Developer to build 5K rental units, cites Liberals’ GST break as motivator
Global News
According the CMHC, Canada needs to build about 3.5 million more units than its current pace of building by 2030 to restore affordability.
A Toronto-based real estate company says it is planning to build 5,000 new rental units in urban centres across the country as a result of the federal government’s decision to eliminate GST charges on rental developments.
The CEO of Dream Unlimited Corp., Michael Cooper, says high interest rates and construction costs had put many projects on pause.
“A lot of projects that we had hoped to be able to start haven’t penciled out,” Cooper said.
But the federal government’s announcement that it would eliminate GST charges off rental developments – and the expectation that provinces would follow suit – has changed the calculation for Dream.

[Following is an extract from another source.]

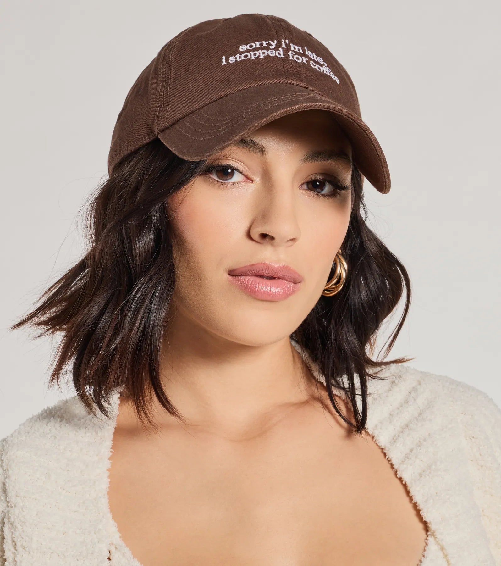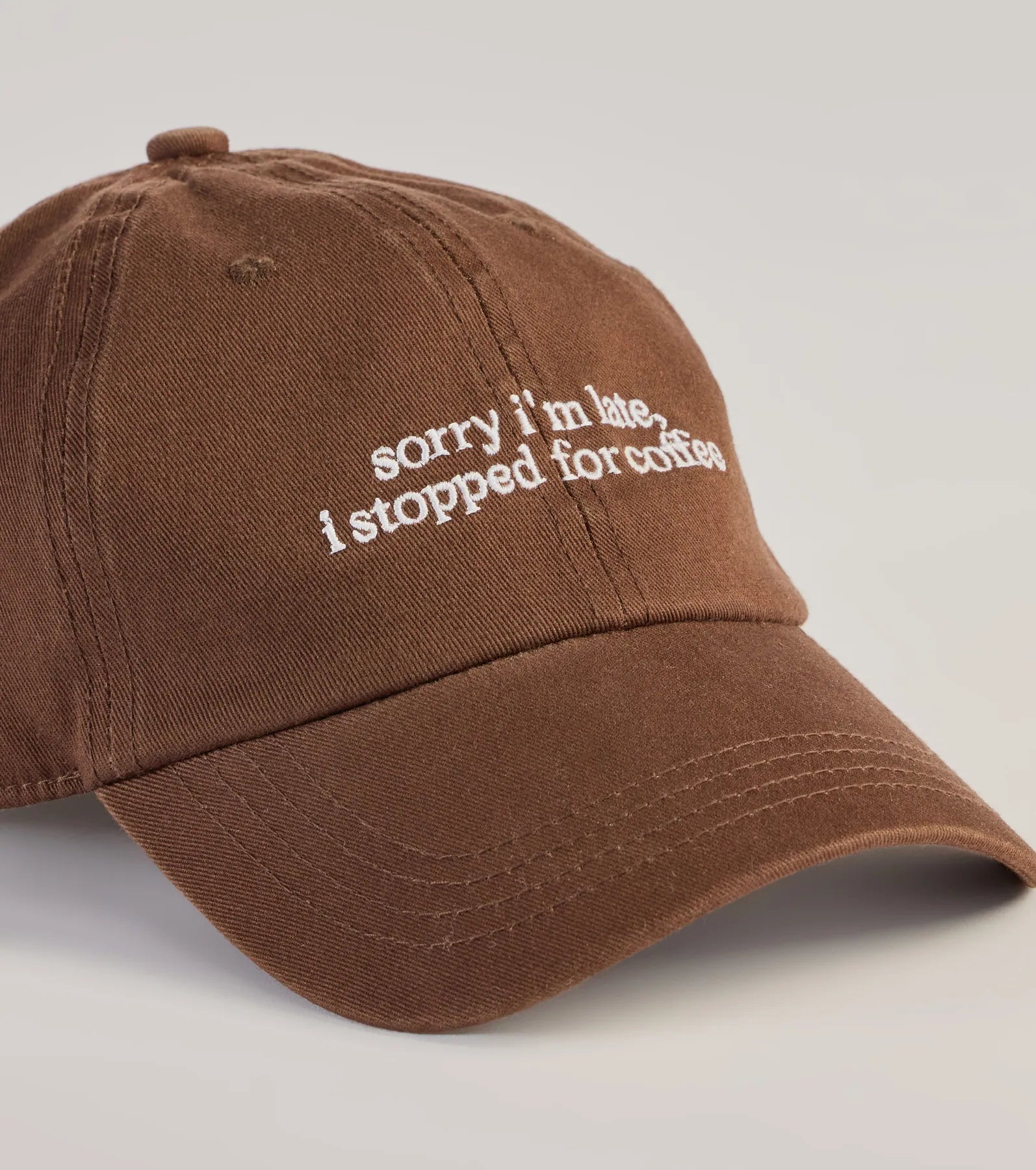 The perfect baseball cap for all coffee lovers! This adorable hat features an embroidered script reading. "sorry...

Finance Minister Chrystia Freeland introduced legislation last week that would provide a 100 per cent GST rebate for new rental developments. The measure has been called for by housing experts, advocates and developers who say more incentives are needed to spur purpose-built rentals.
Cooper says the full rebate is a game-changer because while retailers can pass on the cost of a sales tax to customers, rental developers have to pay the tax themselves.
“When you build an apartment, the person paying the rent doesn’t pay (sales tax),” Cooper said. “It makes a lot of apartments uneconomical.”
The announcement from the real estate company comes with a caveat: provinces would have to waive their sales taxes, too, and average interest rates would have to stay the same.